1) If relationship ( say 1:* ) is expressed via Repository, are child entities required to contain an ID of a parent entity ( Note: this question is assuming that either at least a parent is a root or that they all reside within same aggregate )?
2) The relationship between entities in different aggregates should only be expressed by IDs
a) Why?
b) Wouldn't such a relationship essentially be expressed via Repository?
c) If yes to b), this would also suggest that associations between entities in different aggregates in most cases aren't required for the purpose of supporting a particular behavior? If yes, why?
UPDATE:
2a)
Expressing relationship with an identity reference is different from
expressing the relationship with an object reference. The reason that
the relationship should be expressed with an identity is to maintain
transactional integrity - ie only a single aggregate will be modified
in any given transaction. If an object reference was used, two
aggregates could be affected by a transaction.

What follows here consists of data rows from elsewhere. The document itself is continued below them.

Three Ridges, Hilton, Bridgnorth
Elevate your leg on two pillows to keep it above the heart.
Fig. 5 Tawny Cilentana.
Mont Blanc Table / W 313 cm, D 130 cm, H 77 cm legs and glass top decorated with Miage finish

I - I understand the point you're trying to make, since if relationship would be expressed with an object reference, then simply for the fact that aggregate A1 ( which is being modified ) is "physically" connected to another aggregate A2, it means one of A1's parts ( ie A2 <-- in reality A2 is not really a part of A1, but hopefully you understand the point ) is not in sync with other parts?!
II - But conceptually speaking, if we modify A1, then even if the relationship between the two is not expressed using object reference, the two aggregates are still out of sync, so in practical terms, what difference does it make whether A1 and A2 are physically connected?

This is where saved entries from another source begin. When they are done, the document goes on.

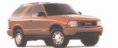
Cherry Red Metallic

Diamond Edition Aluminum With matching center cap, standard on all 4WD Diamond Edition models.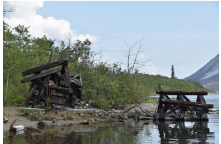
Conrad Tram Terminal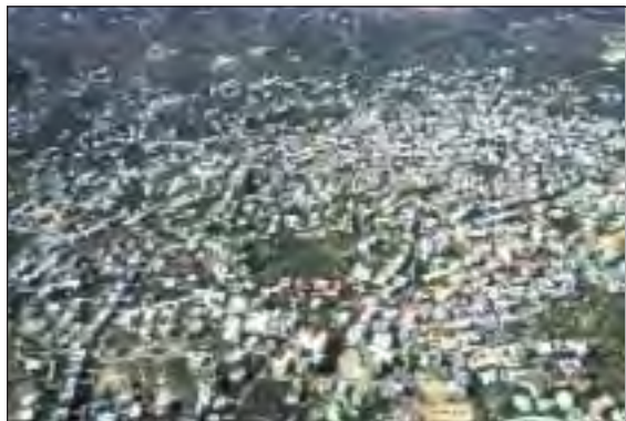
Cana of Galilee (Kefar Kana)

Cana of Galilee was the home of Nathanael, the same who inquired of Philip, “Can anything good come out of Nazareth?” (John 1:46). When Jesus saw Nathanael coming to meet him, he said; “Behold an Israelite indeed, in whom is no guile!” (John 1:47; 21:2). In this same Cana of Galilee, Jesus performed his first public miracle by changing water into wine at the wedding feast: “And [Jesus] manifested his glory; and his disciples believed in him” (John 2:1-11). Later from Cana, Jesus healed the nobleman’s son, who was sick in Capernaum (John 4:46-54). Kefar Kana , pictured here,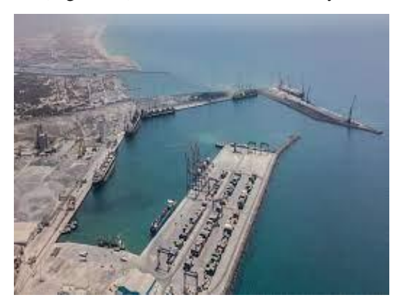
Figure 11. Saqr Port in Ras Al Khaimah [15].

There are several ideas on tidal designs that can be implemented in the UAE, and this depends on the chosen area for the tidal feasibility. The tide statistics were taken over years in 33 different locations within the UAE by the National Centre of Metrology and Saqar Port in Ras Al Khaimah UAE (Figure 11) was chosen in this study due to: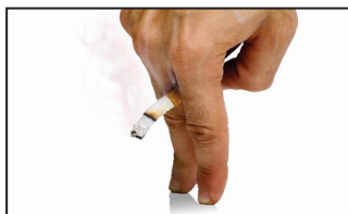
FUMAR CAUSA IMPOTENCIA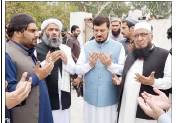
PESHAWAR: Governor Khyber Pakhtunkhwa Haji Ghulam Ali offering Fateha after funeral prayers of mother of senior journalists Gulzar Khan.

Moreover, efforts are underway to ensure round-the-clock availability of dialysis services in government hospitals equipped with such amenities, with endeavors to introduce dialysis services in hospitals currently lacking them.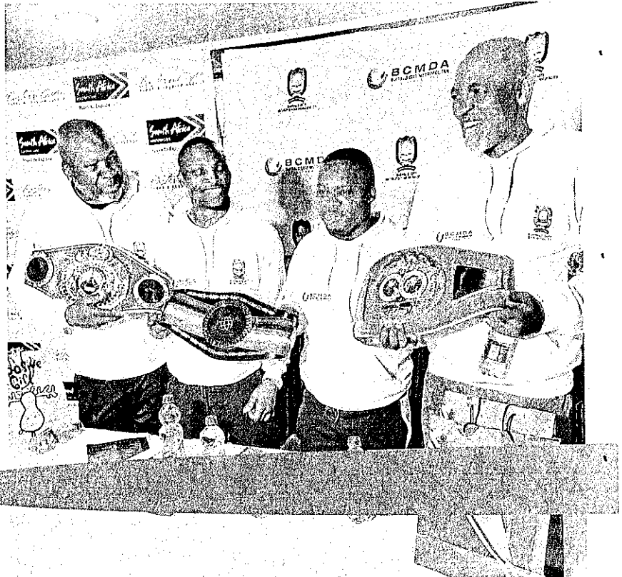
Zolani Tete, second from left, and his team show off the belts he won at Wembley Stadium in London on Saturday night during his welcome ceremony in East London on Monday.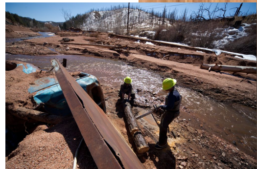
Hayman Fire restoration begins

Treasured Landscapes, Unforgettable Experiences Conservation Campaign. NFF launched this campaign in 2008 to address two critical challenges: millions of forested acres in need of restoration and millions of people unaware of how national forests enrich their lives. Four years later, well over 800,000 acres are now targeted for restoration and community engagement activities through work on fourteen keystone sites, restoring our damaged forests and Americans' connection to these public lands. There are 34 grants open with more than $4 million dollars of work being actively accomplished through this initiative.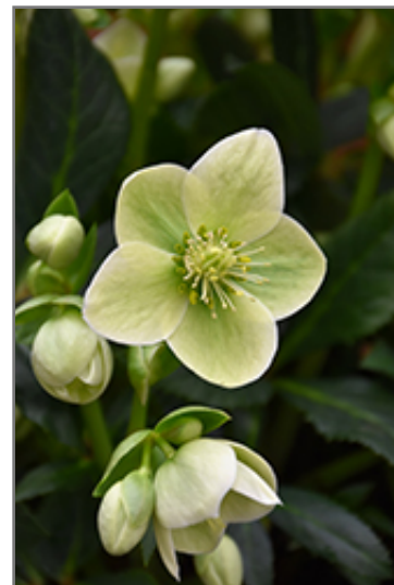
Ice Breaker Corsica Hellebore flowers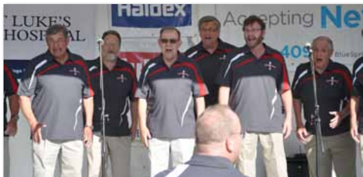
HOA Blue Springs Chorus

III - Anyways, why couldn't we in BOTH cases simply use eventual consistency?
SECOND UPDATE:
original_2)
To be clear, relationships between root entities (ARs) should be
expressed with identities. References between non-root entities in
distinct aggregates should be forbidden.
Can we have unidirectional associations traversable only from A1 non-root entity(ies) to A2 root entity ( ie non-root entity in A1 would contain ID of A2 root )?
2)
a)
I.
If an object reference was used, two aggregates could be affected by a
transaction.
It creates a possibility of A2 being modified in the transaction which
is modifying A1. Referencing A2 by identity eliminates this
possibility. Also, things such as database locking won't apply to A2
when loading A1.
Ignoring for a moment the fact that DB locking won't apply to A2 when updating A1 - why shouldn't we in certain situations allow both A1 and A2 to be modified within a single transaction?

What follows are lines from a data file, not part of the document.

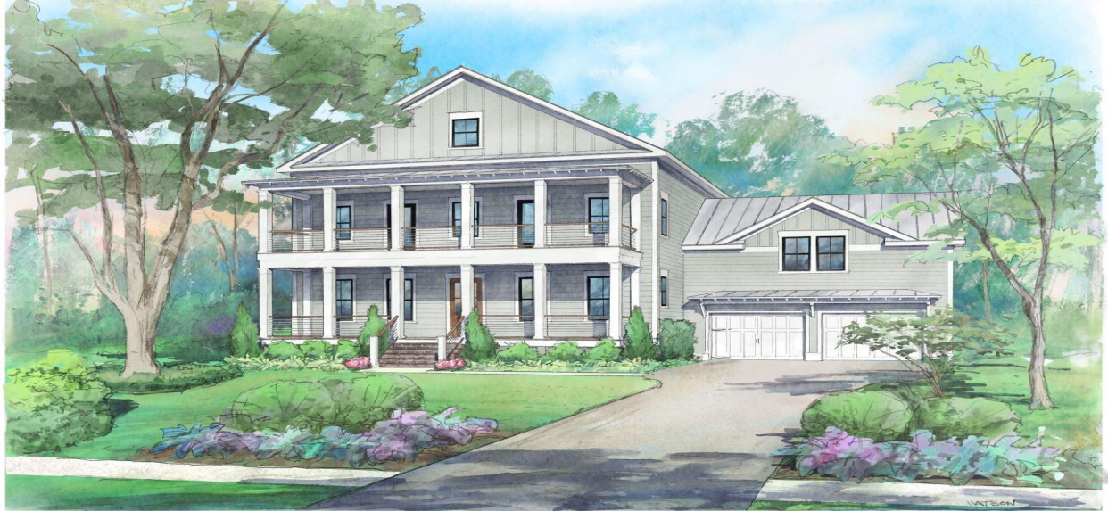
3845 DELINGER DR

https://greathomesofcharleston.com/properties/3845-delinger-drive/mount-pleasant/sc/29466/MLS_ID_25006391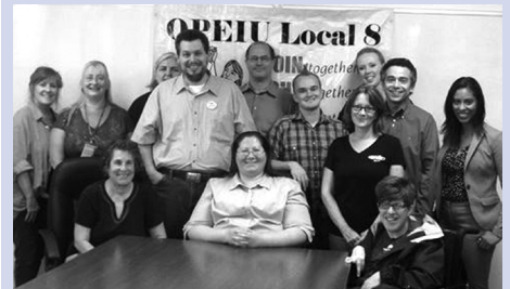
The Shop Steward Committee after completing filming of the Weingarten training video.

Watch for the debut at the next Assembly!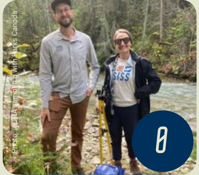
Photo: eDNA sampling with Parks Canada.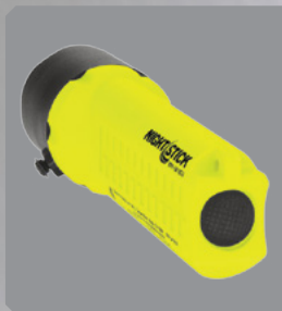
Single tail switch

cETLus, ATEX, and IECEx listed Intrinsically Safe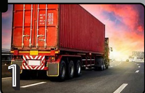
1 Domestic Receiving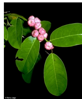
Leaves and fruit.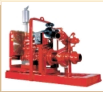
8" High Pressure Jet Pump.

I know aggregates define consistency boundary, but if in rare cases we need both A1 and A2 to be synchronized within same transaction, then only other alternative may be to convert both A1 and A2 into a single aggregate, which in that particular model may not be appropriate?!
Thank you
1) Yes. For example, suppose you have a customer with orders. To get all the orders for a customer, you can select all orders with a corresponding CustomerId via orders repository.
2) To be clear, relationships between root entities (ARs) should be expressed with identities. References between non-root entities in distinct aggregates should be forbidden.
2a) Expressing relationship with an identity reference is different from expressing the relationship with an object reference. The reason that the relationship should be expressed with an identity is to maintain transactional integrity - ie only a single aggregate will be modified in any given transaction. If an object reference was used, two aggregates could be affected by a transaction.
2b) Yes. A repository allows the traversal and the identity expresses the relationship.
2c) This is the whole point of an aggregate - it should define a consistency boundary. If changes to an aggregate should affect aggregates, those changes should be capable of being applied in an eventually consistent manner.
UPDATE
2a1) It creates a possibility of A2 being modified in the transaction which is modifying A1. Referencing A2 by identity eliminates this possibility. Also, things such as database locking won't apply to A2 when loading A1.
2a2) If the transaction which modifies A1 results in changes that need to be applied to A2, those changes will be synchronized eventually. The reason for keeping them physically separate are stated in 2a1.
2a3) You could, but again, reasons specified in 2a1 explain why it is better to use identity references.
UPDATE 2
2) I suppose if the integrity of the two ARs is maintained and the reference makes life a lot easier it can be acceptable. The reference is not itself a problem, it can lead to problems.
2a1) One reason for this is rooted in more modern document database architectures. Document databases usually only support atomic transactions on a single document. Another reason is that two ARs may be stored in different databases, in which case a distributed transaction would be required to maintain consistency. However, a relational database can certainly lock multiple tables and so a scenario where two ARs are modified in a transaction are possible. As a result, these constraints should be understood as guidelines. If all ramifications are understood and caution is used, then it can be acceptable to update two ARs.
Related
When I was reading Microservice Patterns, one of the paragraph says that Domain-Driven Design requires aggregate to follow some rules. One of the rule is "inter-aggregate references must use primary keys".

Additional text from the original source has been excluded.